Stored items
+---+
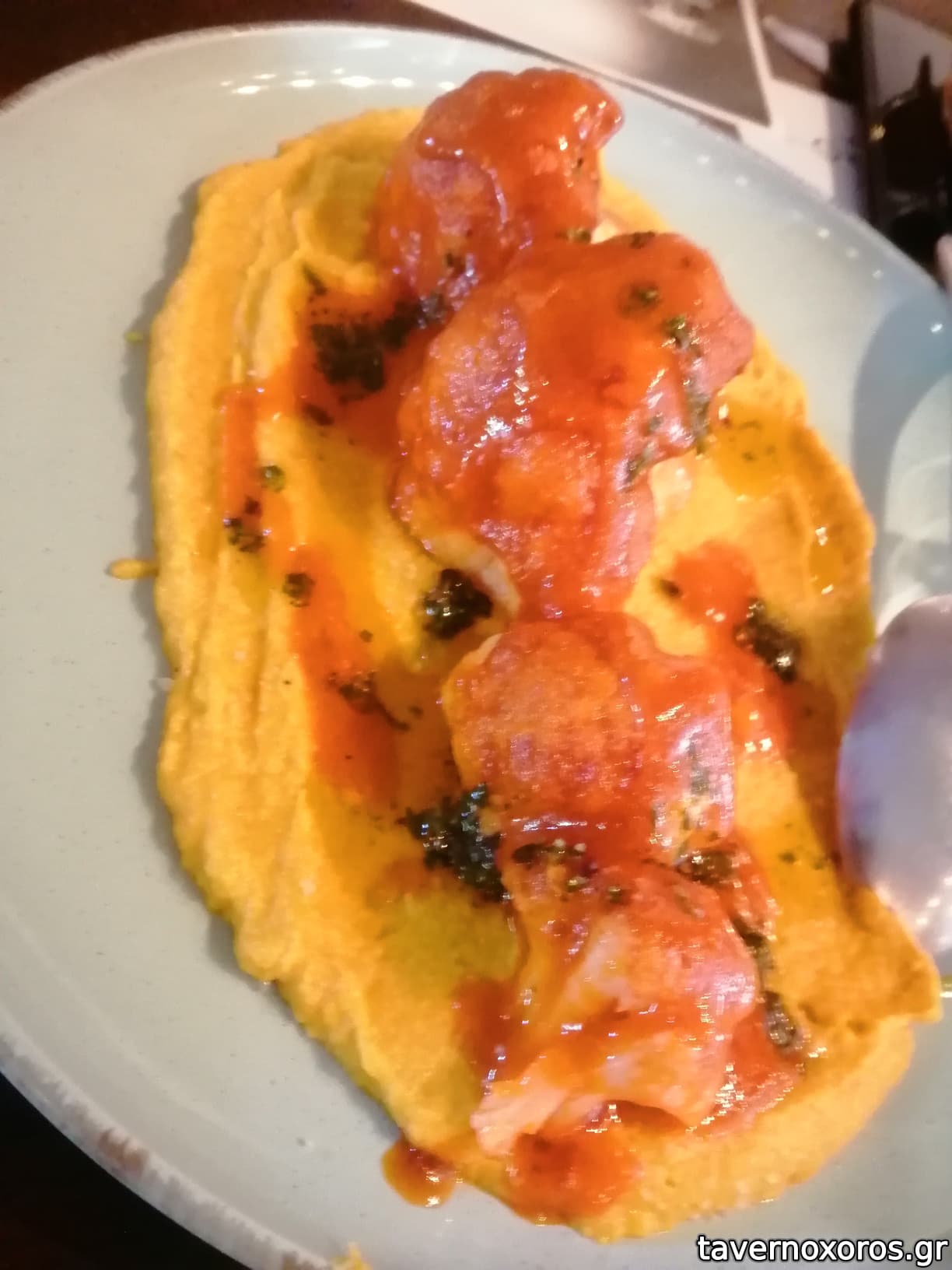 -Λουκάνικο, εξαιρετικό, του δικού μου γούστου αλλά πολύ λίγο, 4 τεμάχια μεγέθους δείκτη χεριού στην περίπτωσή μας.
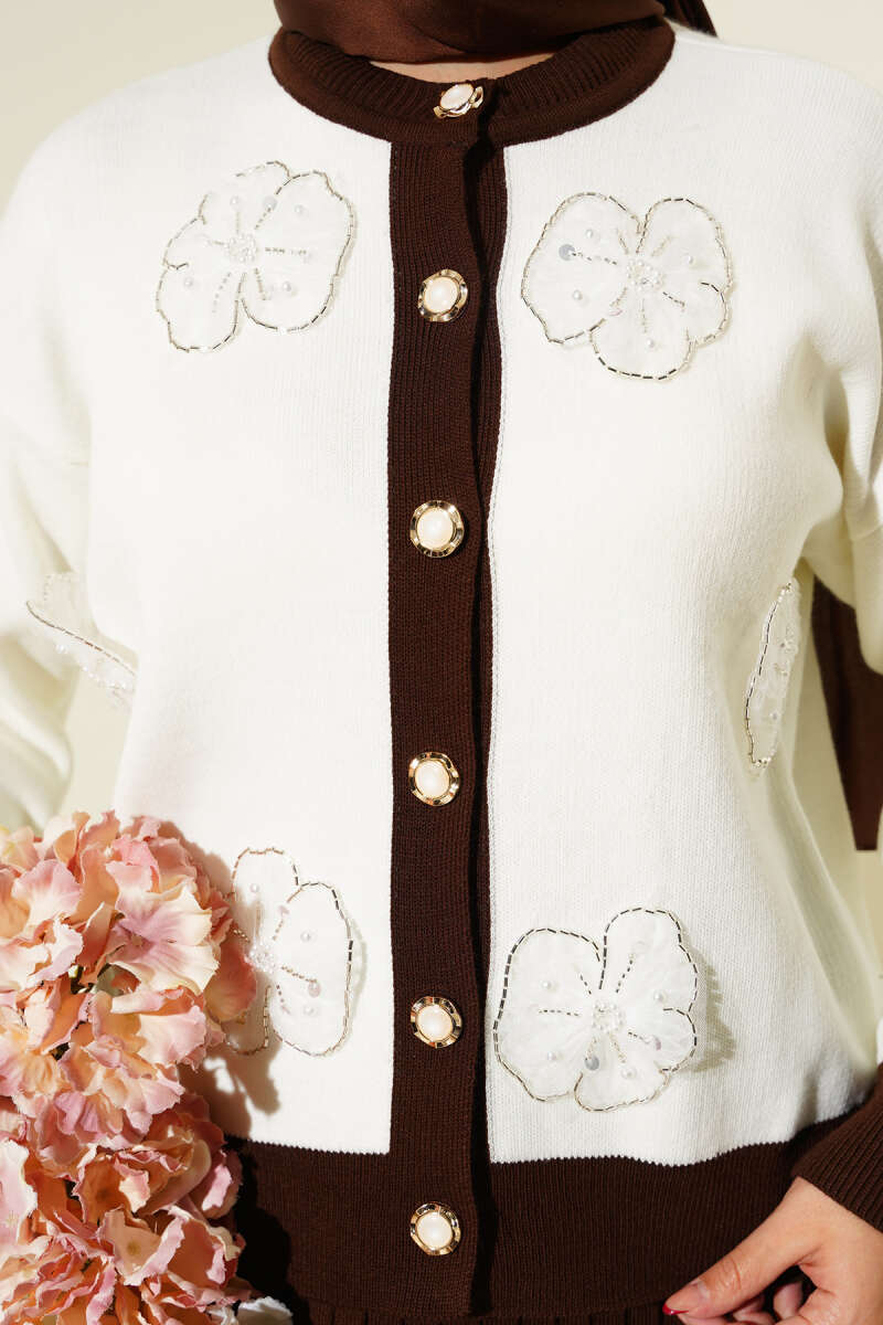 Çiçek Desenli Etekli Triko İkili Takım Siyah
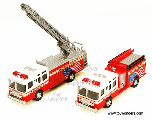 9928D Super Fire Engine. 6" die case fire truck with pullback motor action. 12 pcs per display in assorted styles. 72 pcs/inner. Z8
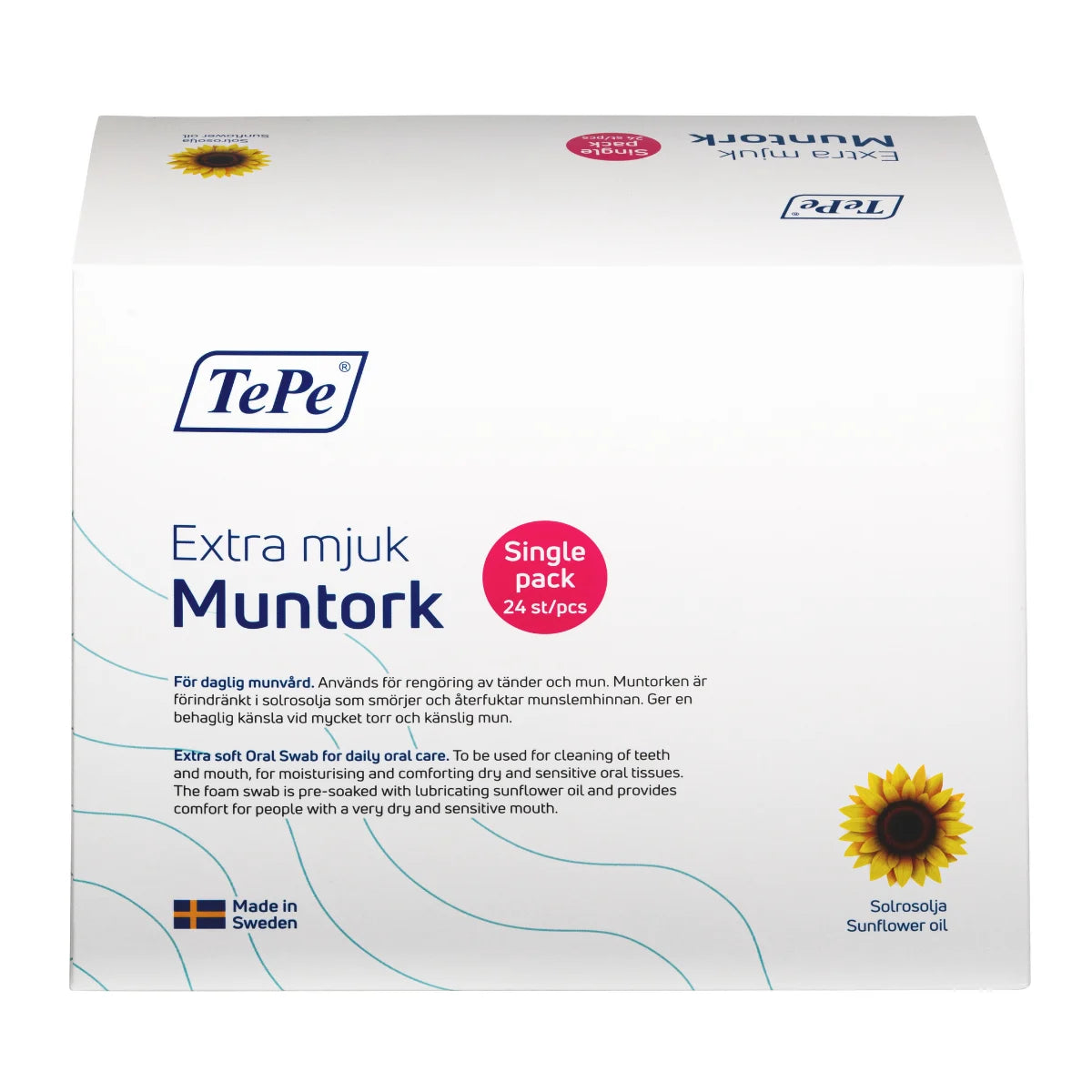 TePe Voiteleva suunpuhdistustikku on suunniteltu hellävaraiseen suunhoitoon ja kosteutukseen, erityisesti kuivalle ja herkälle suun limakalvolle. Esiliotettu auringonkukkaöljyyn, joka voitelee suun luonnollisesti – ilman maku- tai lisäaineita.
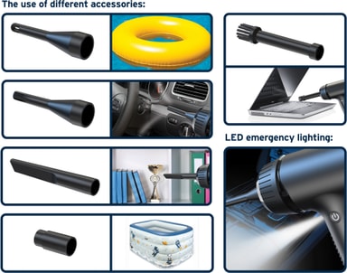 Sandstrøm SDB25 dammblåsare rengör enkelt bilar, golv, soffor, tangentbord och gardiner med mångsidiga munstycken inklusive luftkudde, kortblåsning, tryckluft och borstmunstycke.Läs mer om produkten
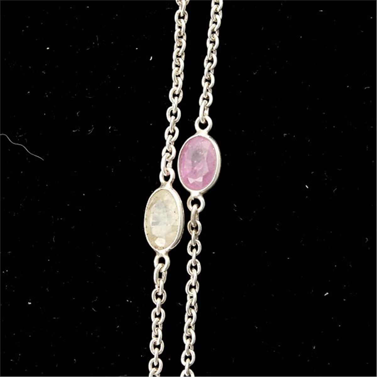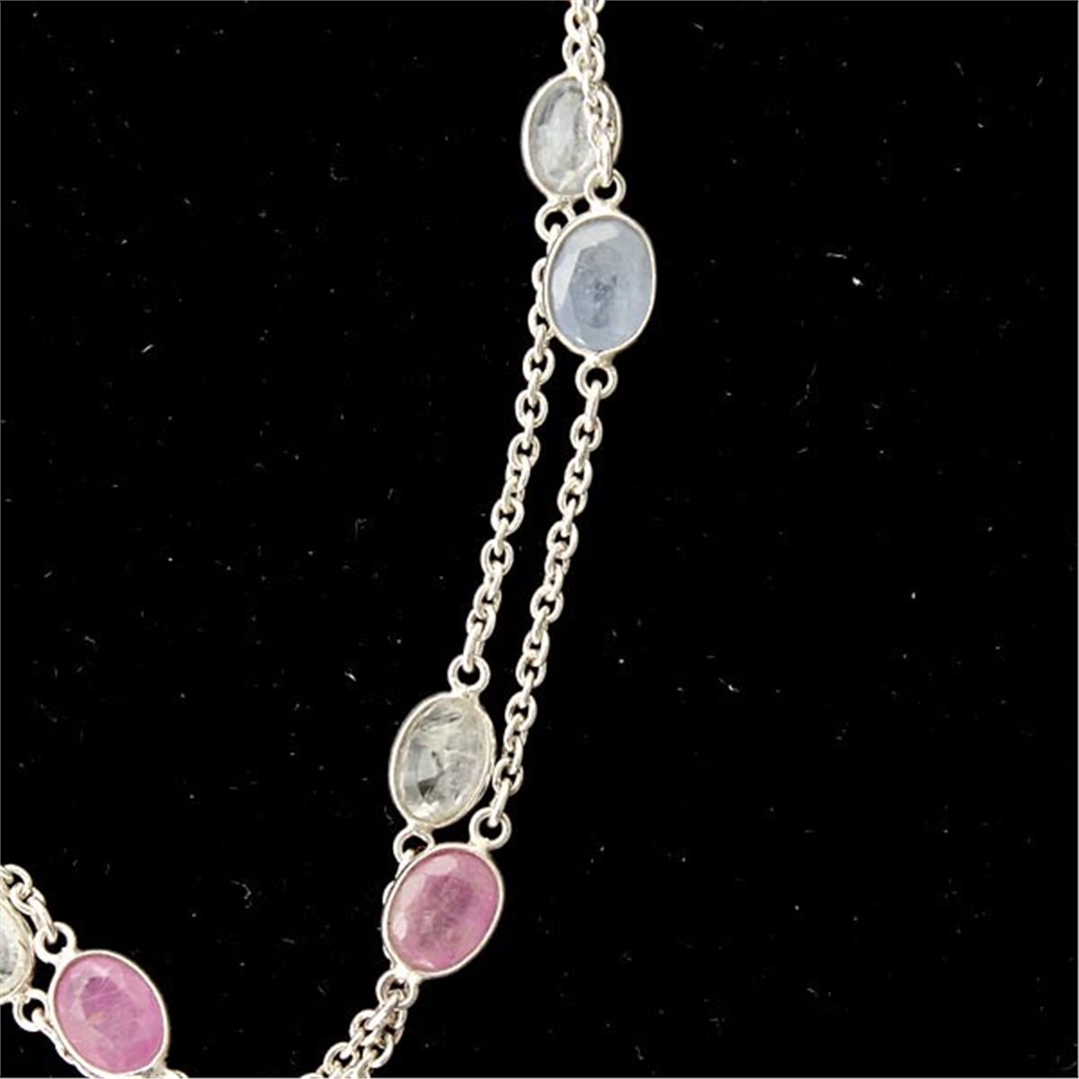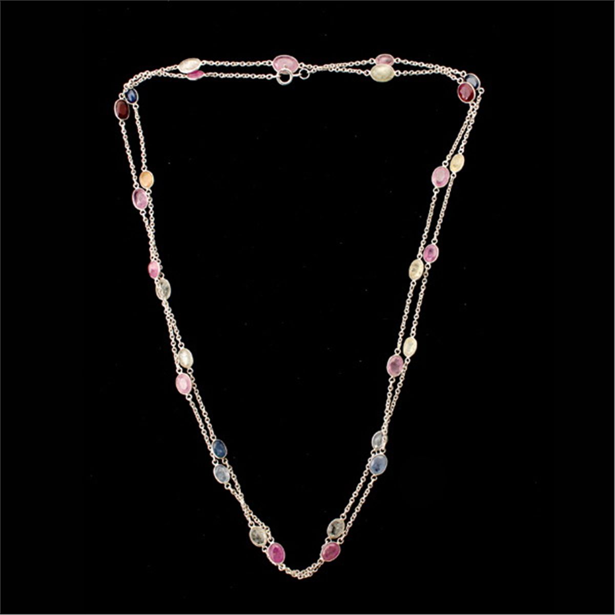 SAPPHIRE, STERLING SILVER NECKLACE. Composed of numerous rose-cut, multi-colored sapphires each bezel set in sterling silver , interspaced by a sterling silver link forming a 40 inch necklace. 2.9 dwts
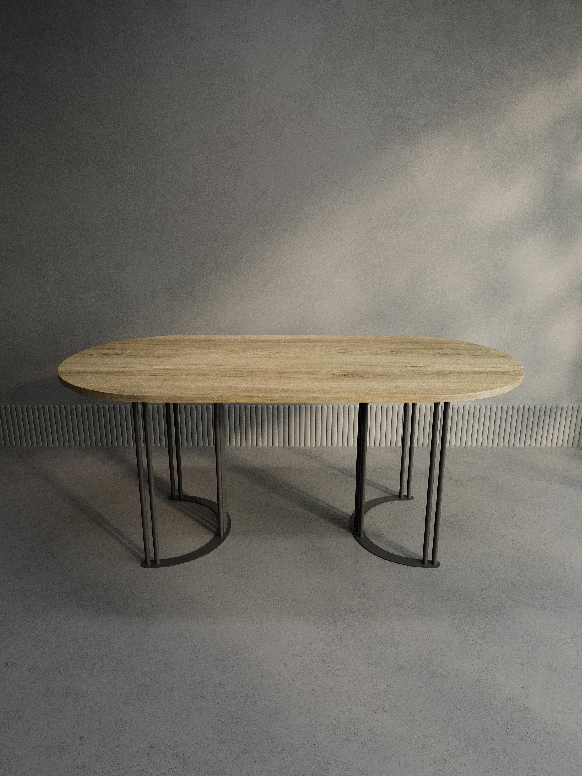 Дизайнерский обеденный стол серия VIOLUR. Обеденный стол - неотъемлемая деталь кухонного интерьера, центр внимания и залог комфортной трапезы. Дизайнерский стол в минималистичном стиле станет гармоничным дополнением кухонного или офисного пространства.Овальный кухонный стол, состоящий из столешницы белого цвета и черного металлического подстолья, не только прекрасно впишется в интерьер вашего дома, но и станет незаменимым элементом вашего обеденного пространства. Он прекрасно сочетается со стилем LOFT и однозначно будет притягивать взгляды окружающих. Обеденный овальный стол придаёт кухне стильный и современный вид. Создает гармоничное пространство, располагая к уютным беседам и веселым застольям. Кухонный стол — это не просто предмет мебели, а место для теплых воспоминаний и общения с близкими.Кроме того, этот стол также может быть использован как письменный стол, или как рабочий стол, его эргономичный дизайн обеспечит комфорт и удобство. Стол VIOLUR идеально подойдет для офиса или переговорной комнаты. За ним можно провести продуктивные рабочие встречи, обсудить важные вопросы с партнерами или просто насладиться плодотворной работой.
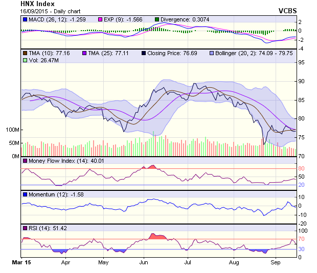HNX-Index tiếp tục về kiểm nghiệm ngưỡng hỗ trợ 75-76 điểm, mặc dù đường giá vẫn giảm nhẹ, chỉ số này liên tiếp hình thành các mẫu hình doji thể hiện tâm lý bên mua về cuối phiên có biến động tích cực hơn. Thanh khoản giao dịch thấp cho thấy sự do dự của nhà đầu tư nhưng trong giai đoạn này biến động lên xuống của đường giá đóng vai trò quan trọng hơn. Tín hiệu của hai đường MA vẫn đang đi xuống. Các chỉ báo kỹ thuật cũng đang biến động kém tích cực, đường RSI(14) giảm nhẹ, trong khi đường MACD đà tăng cũng có dấu hiệu chững lại.
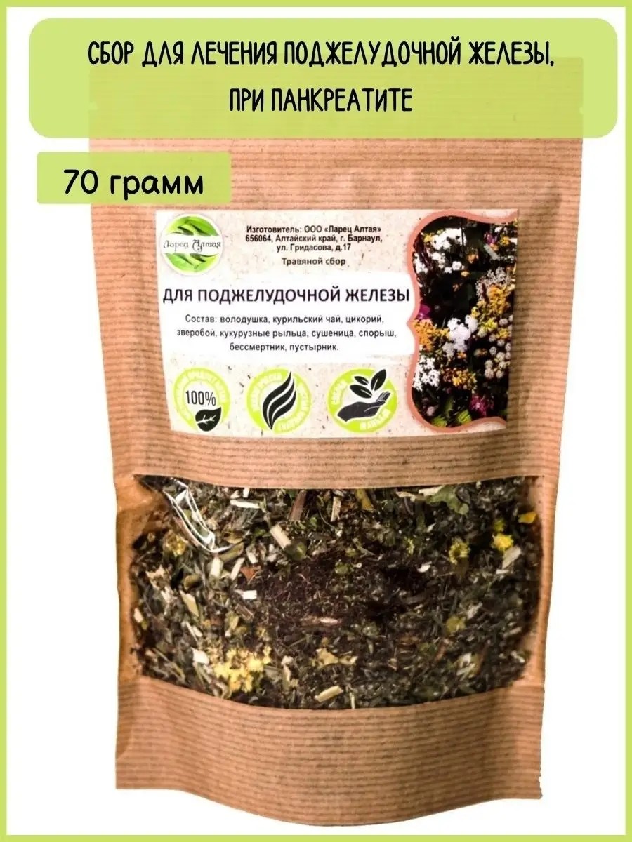 This herbal infusion helps restore pancreatic function and lower blood sugar. It relieves inflammation and normalizes pancreatic function, dissolving compactions. The herbs in this infusion help the pancreas produce enzymes that break down food (insulin, pancreatin). The infusion has anti-inflammatory, bacteriostatic, analgesic, and soothing properties, and stimulates tissue regeneration. Preparation: Pour 250 ml of water at 90-95°C over 1 teaspoon of the infusion and cover with a lid. Let it steep (in a thermos) for 10-20 minutes. Drink like tea. The prophylactic course of treatment is 1 month, and the therapeutic course is 2 months. One package of the infusion lasts for approximately 14 days. **Herbs from the Altaya Casket company are collected in ecologically clean areas of the Altai Mountains, primarily in the foothills. All products are certified.**
+---+
Problem: Would you copy, word for word, only the lines above from the one containing "Çiçek Desenli Etekli Triko İkili Takım Siyah" through the one containing "TePe Voiteleva suunpuhdistustikku", both included, and please leave out the pictures?

Finished exercise:
 Çiçek Desenli Etekli Triko İkili Takım Siyah
 9928D Super Fire Engine. 6" die case fire truck with pullback motor action. 12 pcs per display in assorted styles. 72 pcs/inner. Z8
 TePe Voiteleva suunpuhdistustikku on suunniteltu hellävaraiseen suunhoitoon ja kosteutukseen, erityisesti kuivalle ja herkälle suun limakalvolle. Esiliotettu auringonkukkaöljyyn, joka voitelee suun luonnollisesti – ilman maku- tai lisäaineita.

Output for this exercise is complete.